DAD: Terrified more of getting married in front of people.


DAUGHTER: But why?


DAD: Because of the pressure of being in front of all those people. And you know, at that point, we knew we wanted to get married but the word forever use to scare us.


DAUGHTER: Oh.


DAD: And one out of two marriages fail, and you certainly don't want to get married to somebody and have kids and find out that they're not the right one.


DAUGHTER: Yeah, it's sad how often that happens.


DAD: You know, falling in love can be scary, but it's also the most amazing thing that’s happened to me, besides you being born.


 

PART 2: MY THOUGHTS

One of my favorite stories from my parent's past is the story of their marriage because it was so atypical. I used to love telling my friends about it, but I never really understood why they decided to elope to Las Vegas when they both hated gambling and loved their families. You think they'd at least want their parents there. But, when Kelly's family started asking for dates so they could plan their vacation around the wedding, my parents got scared.


When my mom saw super cheap tickets to Las Vegas, she asked my dad offhandedly if he wanted to go. To her surprise, he said yes. A few days after their arrival, on Friday the thirteenth of 1997, they had a priest drive them out to Cathedral Canyon, which was recommended to them by their taxi driver. My mom wore a simple, black dress with a white scarf. The canyon ended up being an ugly, big hole in the desert, and the guy that married them was very theatrical, like the priest in The Princess Bride.


Telling this story by the light of a campfire to my friends makes me feel cool, like I am unique because of my family's background, which is something every young person searches for. But it was only recently that I realized how much this story exemplified my parent's love and their values. My parents have never been that showy, especially my mom, and they have always been very practical with their money. As my dad likes to tell me, the average wedding costs as much as a new car.

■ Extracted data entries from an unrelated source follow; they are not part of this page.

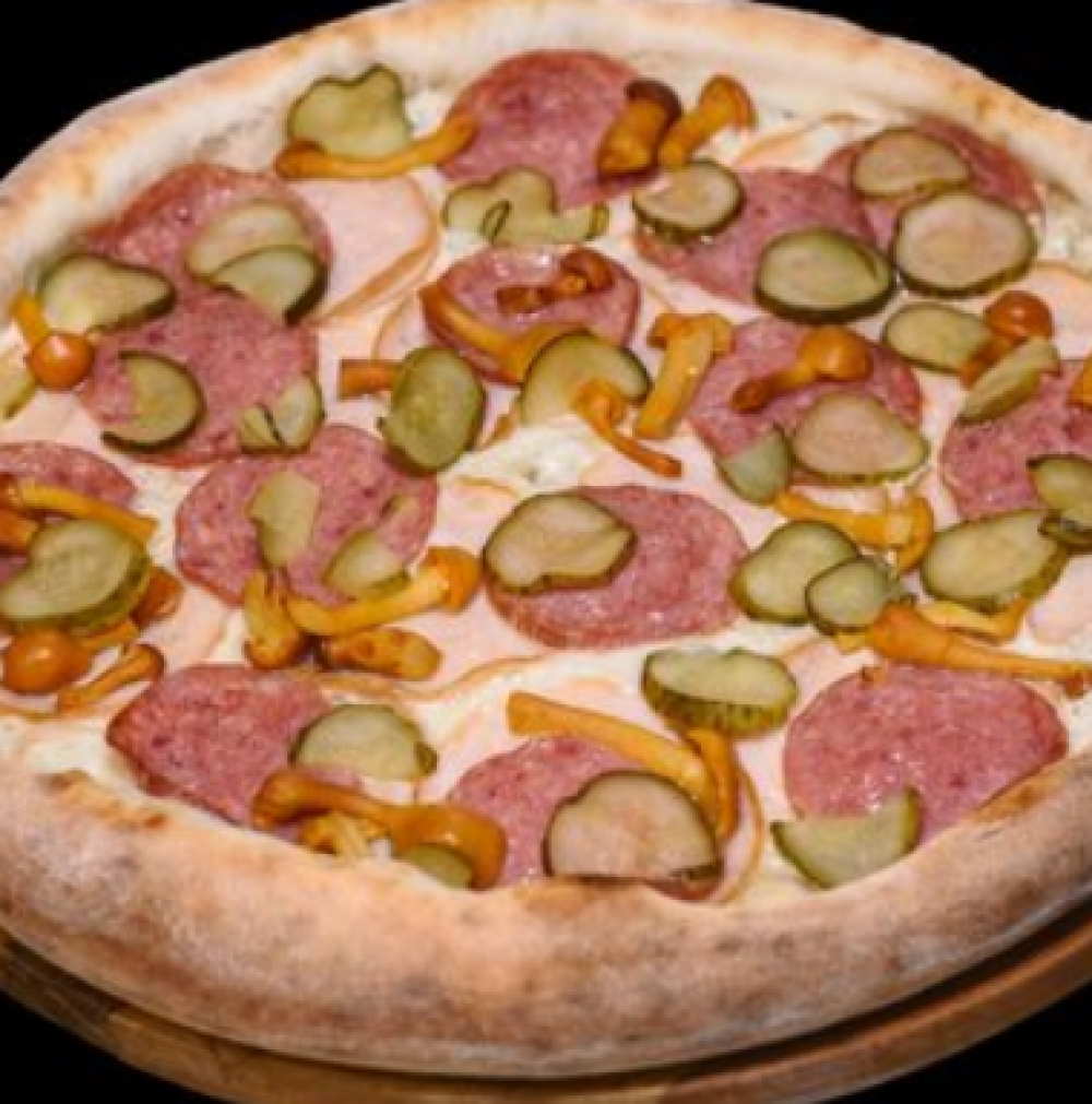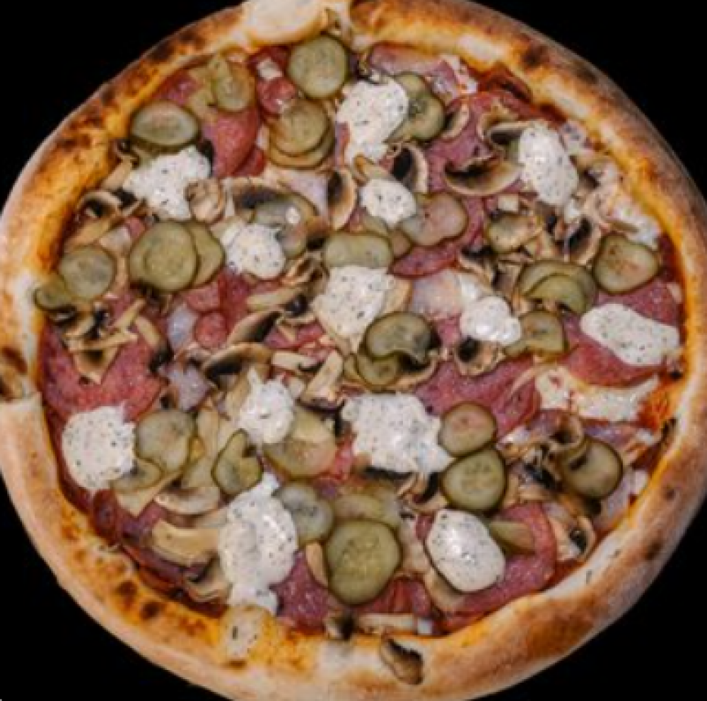 Тесто, соус «Томатный», сыр «Моцарелла», бекон сырокопченый, салями, колбаски охотничьи, шампиньоны свежие, огурец маринованный, сметанно-чесночный соус
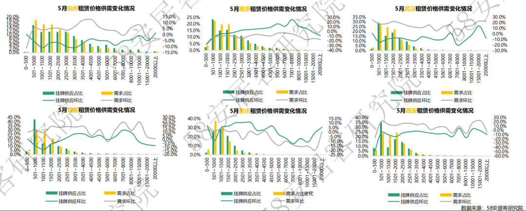 价格供需:北京、上海中低价格供应环比降幅相对更大,广州中高价格房源供应环比降幅更大,深圳1000元/月/套以下低价房源环比上涨超过20%。杭州、武汉中等价位供应下降更显著,西安低价格供应环比降幅较大。
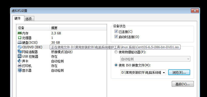 如果用的是VMware中的虚拟机,进入虚拟机设置,选择“CD/DVD”硬件,勾选“已连接”和“启动时连接”,在连接处,选择“使用ISO映像文件”,浏览选择本地电脑中下载好的ISO光盘镜像文件,确定即可。
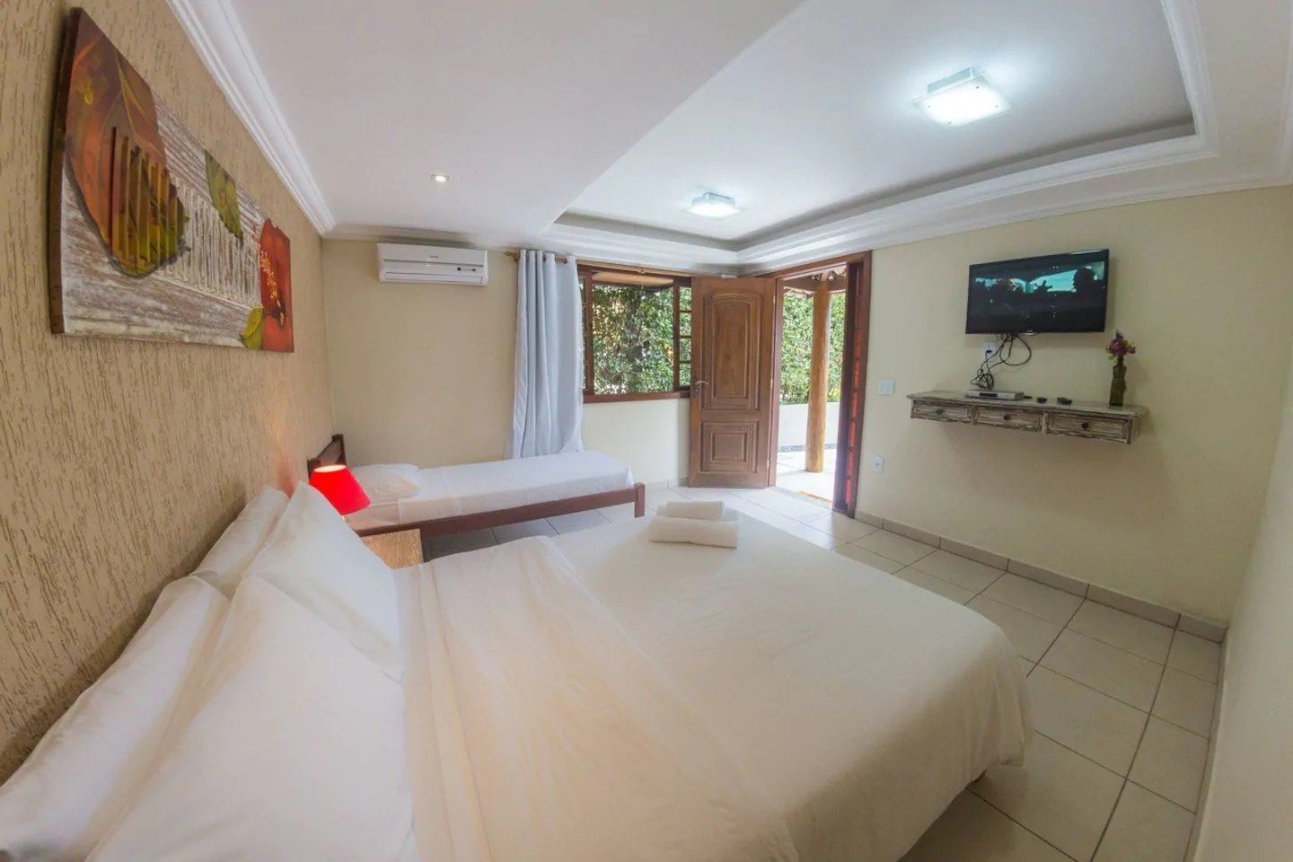 Ampla suíte equipada com: ar condicionado, cama de casal + 1 cama de solteiro, TV a cabo, frigobar, varal para roupas, mesa com cadeiras externas e secador de cabelo. Localizado no andar térreo.

Getting married just the two of them, against all the norms of American wedding culture, wasn't an act of rebellion but rather a display of their devotion to a family which is built on being genuine. In all my years, my parents have never tried to be anyone but themselves. They didn't require me to wear a mask to make others like me or join activities just to get ahead. I was never expected to be anything but myself, which I've realized is the most authentic, fulfilling path they could have carved for me.